- EXERCISE GOAL
A verbatim transcript of the data that follows, free of images, is the expected result.

====== DATASET EXCERPT

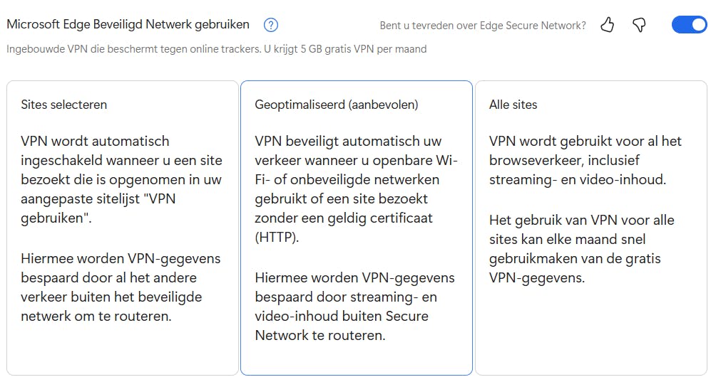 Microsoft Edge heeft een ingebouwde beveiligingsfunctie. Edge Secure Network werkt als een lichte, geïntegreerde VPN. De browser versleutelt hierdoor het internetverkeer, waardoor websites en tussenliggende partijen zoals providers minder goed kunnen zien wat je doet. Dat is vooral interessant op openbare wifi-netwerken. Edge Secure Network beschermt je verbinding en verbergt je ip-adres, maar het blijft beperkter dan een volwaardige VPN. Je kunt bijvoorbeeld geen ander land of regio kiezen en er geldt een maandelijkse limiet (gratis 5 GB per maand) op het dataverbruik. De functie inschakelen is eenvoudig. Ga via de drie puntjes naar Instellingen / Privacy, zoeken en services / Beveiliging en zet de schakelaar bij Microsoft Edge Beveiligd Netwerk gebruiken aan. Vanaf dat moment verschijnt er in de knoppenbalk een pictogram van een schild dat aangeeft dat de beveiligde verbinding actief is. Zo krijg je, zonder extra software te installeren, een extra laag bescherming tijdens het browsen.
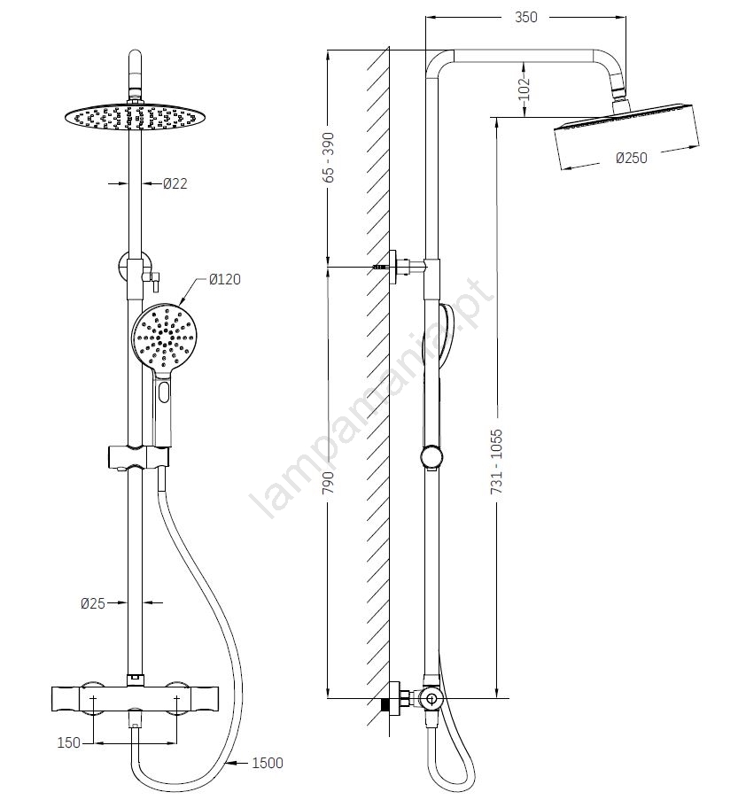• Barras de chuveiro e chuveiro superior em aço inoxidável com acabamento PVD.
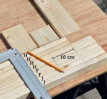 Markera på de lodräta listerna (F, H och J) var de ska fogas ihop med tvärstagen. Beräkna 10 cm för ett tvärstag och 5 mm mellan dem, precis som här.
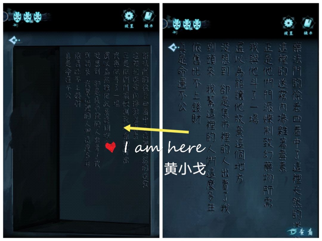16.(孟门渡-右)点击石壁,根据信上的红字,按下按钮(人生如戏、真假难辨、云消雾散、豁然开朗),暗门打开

============

- OUTPUT
 Microsoft Edge heeft een ingebouwde beveiligingsfunctie. Edge Secure Network werkt als een lichte, geïntegreerde VPN. De browser versleutelt hierdoor het internetverkeer, waardoor websites en tussenliggende partijen zoals providers minder goed kunnen zien wat je doet. Dat is vooral interessant op openbare wifi-netwerken. Edge Secure Network beschermt je verbinding en verbergt je ip-adres, maar het blijft beperkter dan een volwaardige VPN. Je kunt bijvoorbeeld geen ander land of regio kiezen en er geldt een maandelijkse limiet (gratis 5 GB per maand) op het dataverbruik. De functie inschakelen is eenvoudig. Ga via de drie puntjes naar Instellingen / Privacy, zoeken en services / Beveiliging en zet de schakelaar bij Microsoft Edge Beveiligd Netwerk gebruiken aan. Vanaf dat moment verschijnt er in de knoppenbalk een pictogram van een schild dat aangeeft dat de beveiligde verbinding actief is. Zo krijg je, zonder extra software te installeren, een extra laag bescherming tijdens het browsen.
• Barras de chuveiro e chuveiro superior em aço inoxidável com acabamento PVD.
 Markera på de lodräta listerna (F, H och J) var de ska fogas ihop med tvärstagen. Beräkna 10 cm för ett tvärstag och 5 mm mellan dem, precis som här.
16.(孟门渡-右)点击石壁,根据信上的红字,按下按钮(人生如戏、真假难辨、云消雾散、豁然开朗),暗门打开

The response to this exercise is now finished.